Though the continental shelf is treated as a physiographic province of the ocean, it is not part of the deep ocean basin proper, but the flooded margins of the continent. Passive continental margins such as most of the Atlantic coasts have wide and shallow shelves, made of thick sedimentary wedges derived from long erosion of a neighboring continent. Active continental margins have narrow, relatively steep shelves, due to frequent earthquakes that move sediment to the deep sea.
Sediments usually become increasingly fine with distance from the coast; sand is limited to shallow, wave-agitated waters, while silt and clays are deposited in quieter, deep water far offshore. These shelf sediments accumulate at an average rate of 30 cm/1000 years, with a range from 15-40 cm. Though slow by human standards, this rate is much faster than that for deep-sea pelagic sediments.
Combined with the sunlight available in shallow waters, the continental shelves teem with life compared to the biotic desert of the oceans' abyssal plain. The pelagic (water column) environment of the continental shelf constitutes the neritic zone, and the benthic (sea floor) province of the shelf is the sublittoral zone.
Though the shelves are usually fertile, if anoxic conditions in the sedimentary deposits prevail, the shelves may in geologic time become sources of fossil fuels.

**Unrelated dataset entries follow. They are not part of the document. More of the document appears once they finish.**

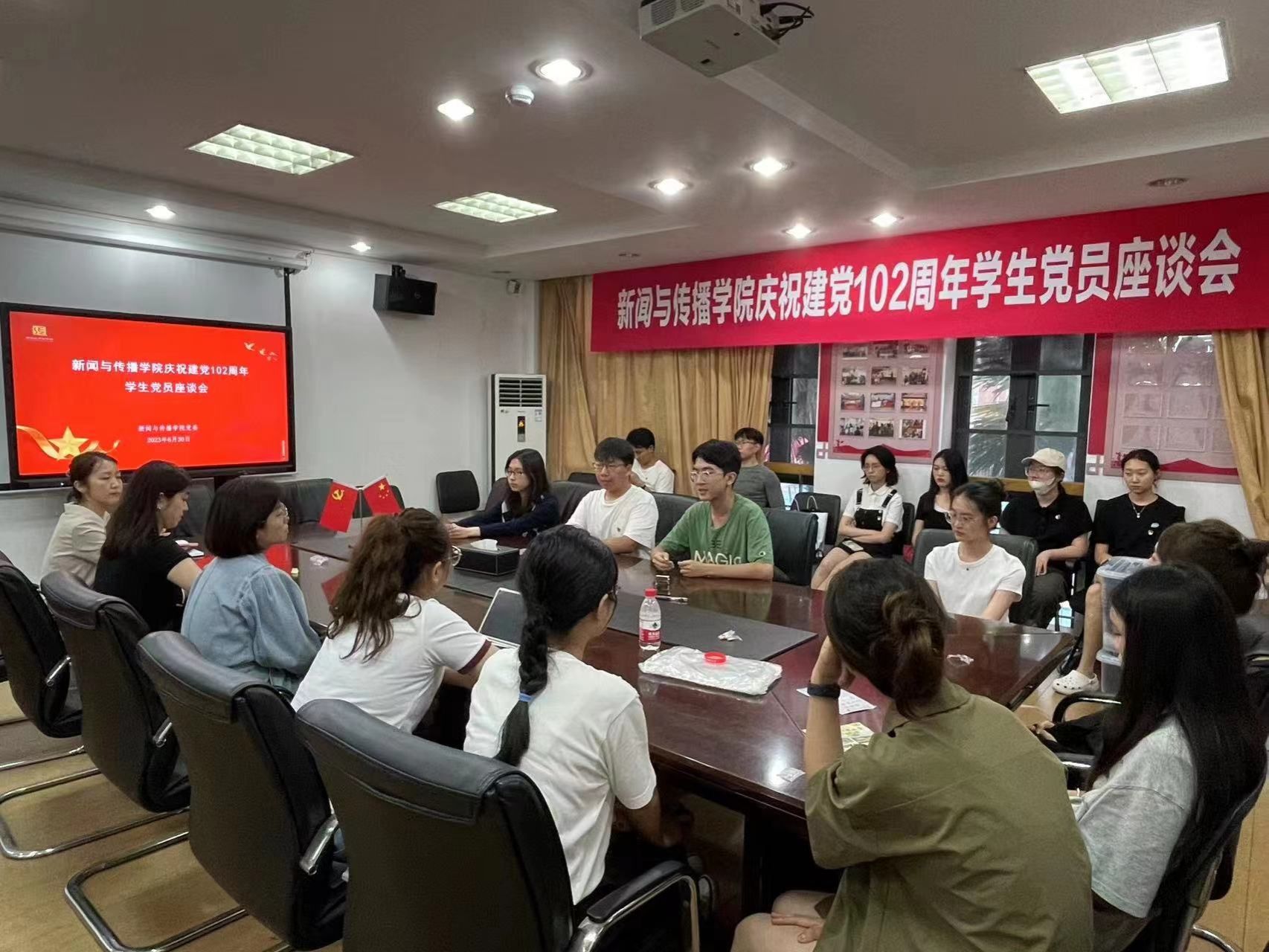 6月30日下午,新传学院党委举行学生党员主题交流座谈会。座谈会上,青年大学生积极发言,结合自己的个人经历和当下的社会热点,认真思考作为大学生党员,在新时代如何更好肩负起新青年的使命,接过历史接力棒。同学们分别从学习领会习近平总书记对青年人的嘱托、青春与理想信念的关系,如何提升专业技能素养、深入开展实习实践与探索中国故事的国际传播等角度阐发了自己对主题的深入思考。
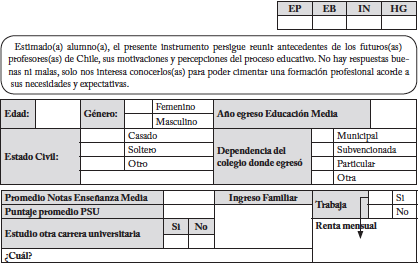 La interrogante por las motivaciones profesionales, las características socioeducativas y por la percepción que existe sobre la coyuntura del sistema educativo nacional, constituye un factor determinante si se considera el posterior rendimiento académico, la vocación y el desempeño laboral que puedan practicar los futuros egresados de la carrera docente. Asimismo, este tipo de indagaciones nos permite - en tanto profesionales dedicados a la educación - considerar un panorama crítico que es evidenciado por el instrumento aplicado (encuesta) a un universo específico de estudio. Esta situación permitirá una orientación más clara del tipo de intervención formativa que el y la docente debiese tomar en cuenta al momento de analizar y aplicar sus instrumentos de aprendizaje (planificación curricular, didáctica, modelo formativo, etc.) en el aula universitaria.
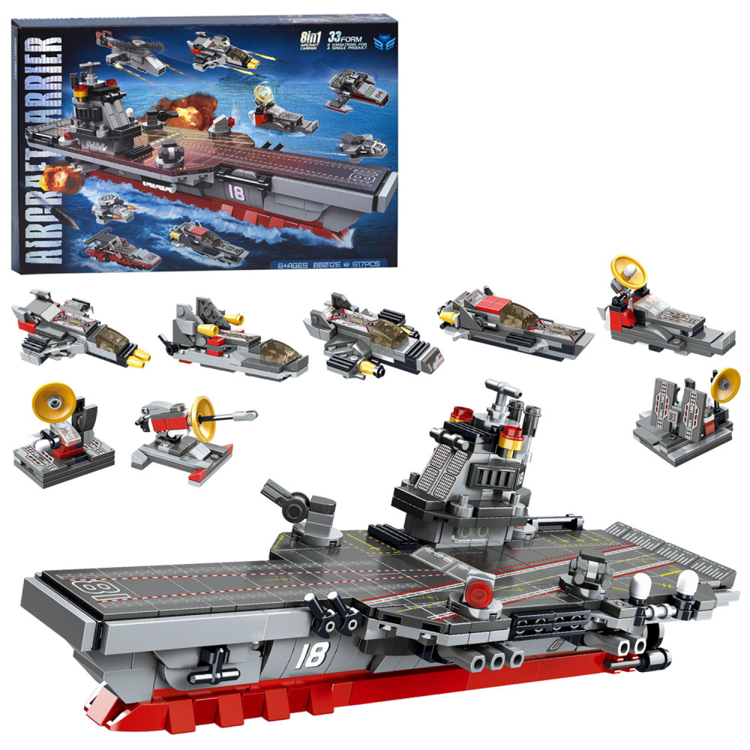 Особливості: Конструктор 8в1. Авіаносець розміром 22,4 см. Кількість деталей: 617. Тип з'єднання: блоковий. Упаковка: коробка 42х27х6,5 см.

The relatively accessible continental shelf is the best understood part of the ocean floor. Most commercial exploitation from the sea, such as metallic-ore, non-metallic ore, and hydrocarbon extraction, takes place on the continental shelf. Sovereign rights over their continental shelves up to 350 nautical miles from the coast were claimed by the marine nations that signed the Convention on the Continental Shelf drawn up by the UN's International Law Commission in 1958 partly superseded by the 1982 United Nations Convention on the Law of the Sea.